#### EXERCISE AIM:
Beginning with the first line, return the material verbatim and without pictures.

#### INFORMATION SHOWN:
------------
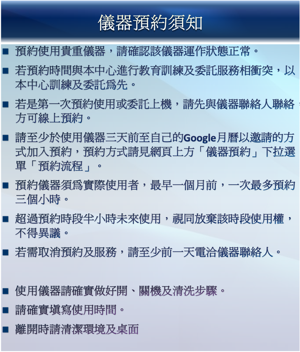 儀器預約須知
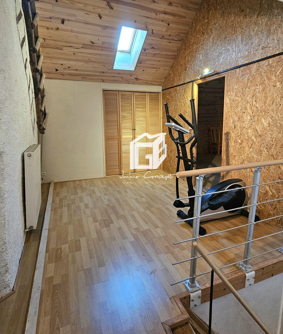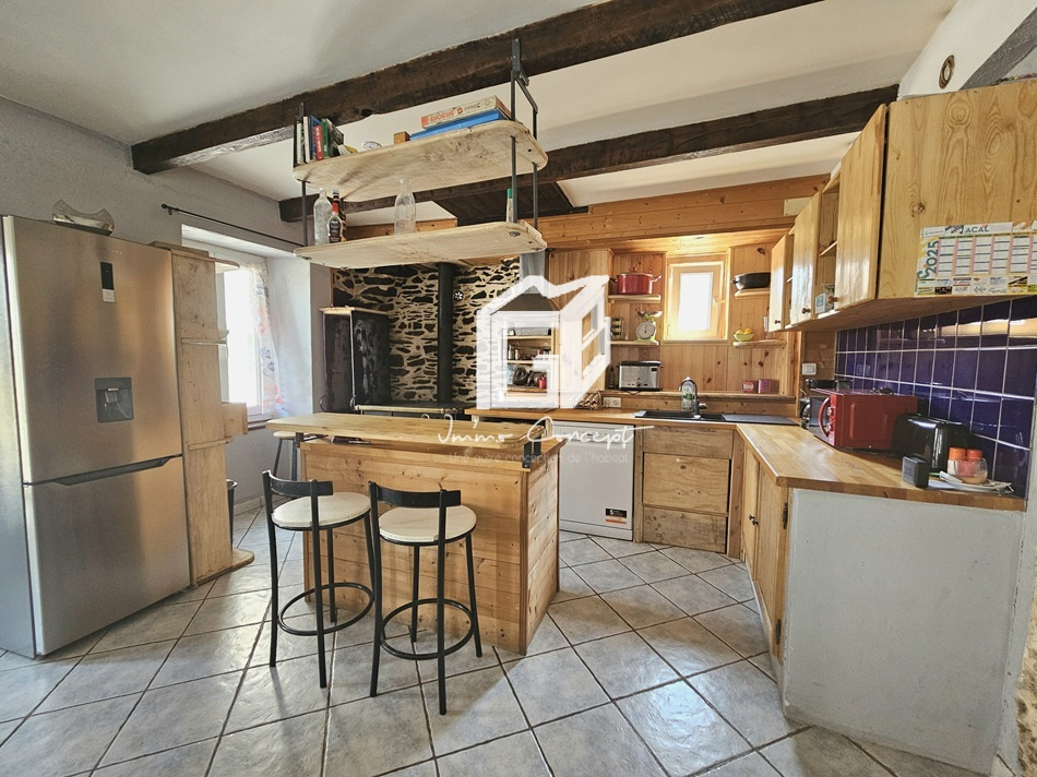 Une cave ainsi qu’un chauffage mixte (chaudière gaz + cuisinière à bois) complètent ce bien.
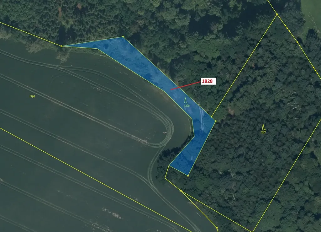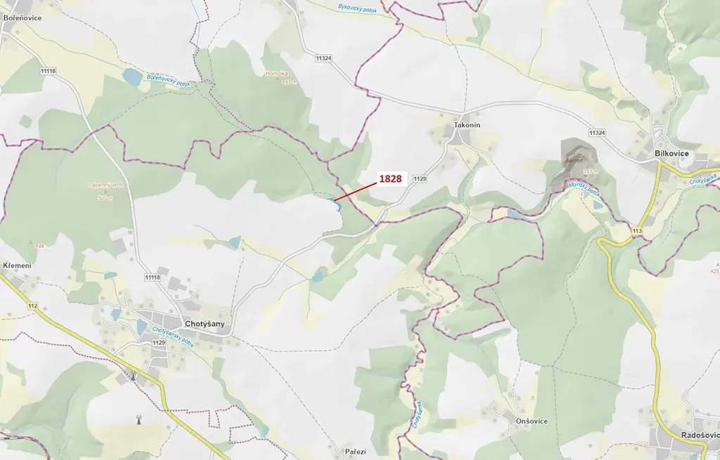 Lesní pozemek o výměře 1841 m2, parcelní číslo 1828, podíl 1/1, katastrální území Chotýšany, obec Chotýšany, obec s rozšířenou působností Benešov, okres Benešov, Středočeský kraj. Po těžbě.
------------
#### TASK SOLUTION:
 儀器預約須知
 Une cave ainsi qu’un chauffage mixte (chaudière gaz + cuisinière à bois) complètent ce bien.
 Lesní pozemek o výměře 1841 m2, parcelní číslo 1828, podíl 1/1, katastrální území Chotýšany, obec Chotýšany, obec s rozšířenou působností Benešov, okres Benešov, Středočeský kraj. Po těžbě.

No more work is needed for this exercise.